The trick was to ensure that all of these supposedly evolution-enhancing features coincided with a version of Lambert which could support the seed organism in the first place. Maria had half a dozen possible modifications to A. lamberti in mind, to render it self-sufficient, but she was waiting to see what kind of environments were available before making a final decision.

That still left unanswered the question of whether the seed organism -- or life of any kind -- could have arisen on Lambert, rather than being placed there by human hands. Max Lambert's original reason for designing the Autoverse had been the hope of observing self-replicating molecular systems -- primitive life -- arising from simple chemical mixtures. The Autoverse was meant to provide a compromise between real-world chemistry -- difficult and expensive to manipulate and monitor in test-tube experiments, and hideously slow to compute in faithful simulations -- and the tantalizing abstractions of the earliest "artificial life": computer viruses, genetic algorithms, self-replicating machines embedded in simple cellular automaton worlds; all trivially easy to compute, but unable to throw much light on the genesis of real-world molecular biology.

Lambert had spent a decade trying to find conditions which would lead to the spontaneous appearance of Autoverse life, without success. He'd constructed A. lamberti -- a twelve-year project -- to reassure himself that his goal wasn't absurd; to demonstrate that a living organism could at least function in the Autoverse, however it had come to be there. A. lamberti had permanently side-tracked him; he'd never returned to his original research.
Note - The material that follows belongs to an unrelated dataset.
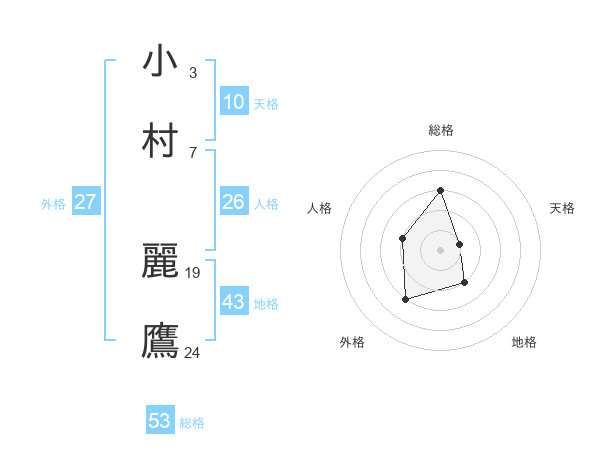 小村 麗鷹さんを姓名の画数から五運を鑑定

Maria had daydreamed about embarking on her own attempt at abiogenesis, but she'd never done anything about it. That kind of work was open-ended; in comparison, any problems with mutation in A. lamberti seemed utterly tractable and well-defined. And although, in a sense, it went to the heart of what Durham was trying to prove, she was glad he'd chosen to compromise; if he'd insisted on starting his "thought experiment" with a totally sterile world, the uncertainties in the transition from inanimate matter to the simplest Autoverse life would have overwhelmed every other aspect of the project.

She scrapped the desert Planet Lambert and returned to the primordial gas cloud. She popped up a gadget full of slider controls and adjusted the cloud's composition, taking back half the increases she'd made in the proportions of blue and yellow. Planetology by trial and error. The starting conditions for real-world systems with Earth-like planets had been mapped out long ago, but nobody had ever done the equivalent for the Autoverse. Nobody had ever had a reason.